10. 10. An apparatus as claimed in any of Claims 7 to 9, wherein the gas delivery system is adapted to deliver gas in an alternating manner to each of the nasal inserts.
11. 11. An apparatus as claimed in any of Claims 6 to 10, wherein each nasal insert is expandable for maintaining the nasal insert within the nostril.
12. 12. An apparatus as claimed in Claim 11, wherein the non-ventilation variable comprises at least one of a moistness level of the or each nostril, an expansion level of the or each nostril, and a pulse oximetry reading at the nostril.
13. 13. An apparatus as claimed in any preceding claim, wherein the apparatus is adapted to switch between a first ventilation mode and a second ventilation mode.

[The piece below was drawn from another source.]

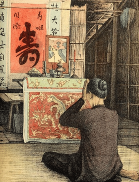 Vái lạy trước bàn thờ tổ tiên ở Nam Kỳ. Tranh vẽ bởi học sinh trường Mỹ thuật Gia Định những năm 1930. Nguồn: Sách “Monographie dessinée de l’Indochine Cochinchine” xuất bản năm 1935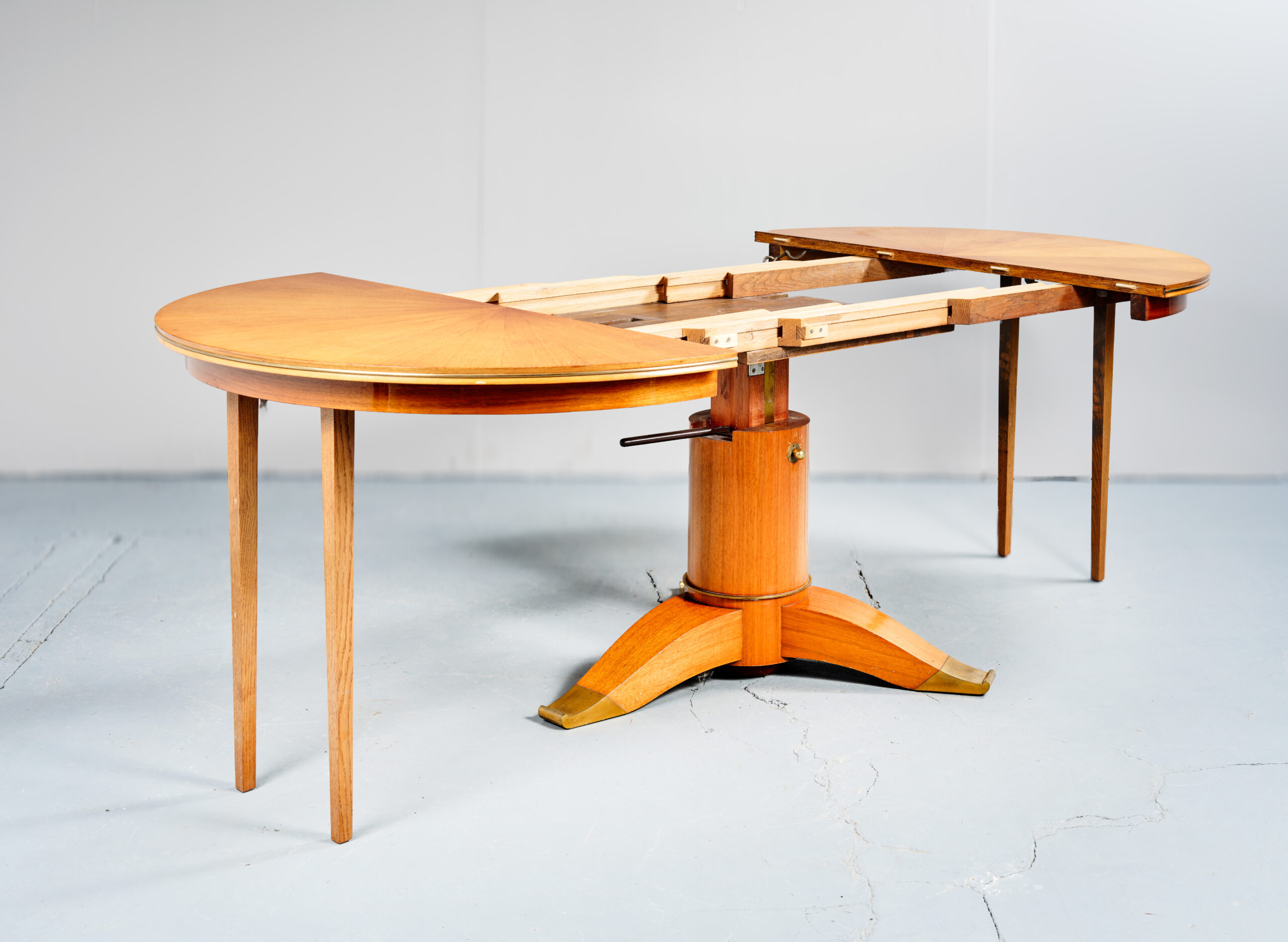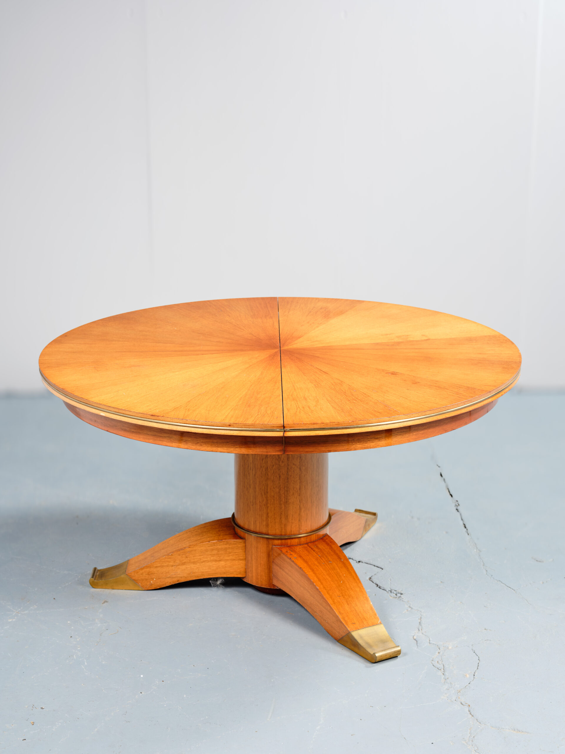 Placage d’acajou blond, plateau circulaire en marqueterie rayonnante.

14. 14. An apparatus as claimed in Claim 13, wherein the first ventilation mode comprises Assist-Control Ventilation (ACV).
15. 15. An apparatus as claimed in Claim 13 or 14, wherein the second ventilation mode comprises Synchronized Intermittent-Mandatory Ventilation (SIMV).
16. 16. A ventilator apparatus comprising: an NIV gas delivery system adapted to deliver a gas to a patient, the gas delivery system comprising: a nasal insert for each nostril of the patient; and a gas conduit for each nasal insert, wherein the controller is adapted to individually control at least one of a volume and a pressure of the delivered gas to each nasal insert.
17. 17. An apparatus as claimed in Claim 16, wherein the apparatus includes a sensor adapted to measure a non-ventilation variable, and wherein the sensor is provided at or near the nasal insert.
18. 18. An apparatus as claimed in Claim 16 or 17, wherein the controller is adapted to vary at least one of the volume and the pressure of the delivered gas based on the measured non-ventilation variable.
19. 19. An apparatus as claimed in Claim 18, wherein the controller is adapted to vary at least one of the volume and the pressure of the delivered gas to each nasal insert based on the measured non-ventilation variable.
20. 20. An apparatus as claimed in any of Claims 16 to 19, wherein the gas delivery system is adapted to deliver gas in an alternating manner to each of the nasal inserts.
21. 21. An apparatus as claimed in any of Claims 16 to 20, wherein each nasal insert is expandable for maintaining the nasal insert within the nostril.
22. 22. An apparatus as claimed in Claim 21, wherein each nasal insert is inflatable.
23. 23. An apparatus as claimed in any of Claims 17 to 22, wherein the non-ventilation variable comprises a moistness level of the or each nostril.
24. 24. An apparatus as claimed in any of Claims 17 to 23, wherein the non-ventilation variable comprises an expansion level of the or each nostril.
25. 25. An apparatus as claimed in any of Claims 17 to 24, wherein the non-ventilation variable comprises a pulse oximetry reading at the nostril.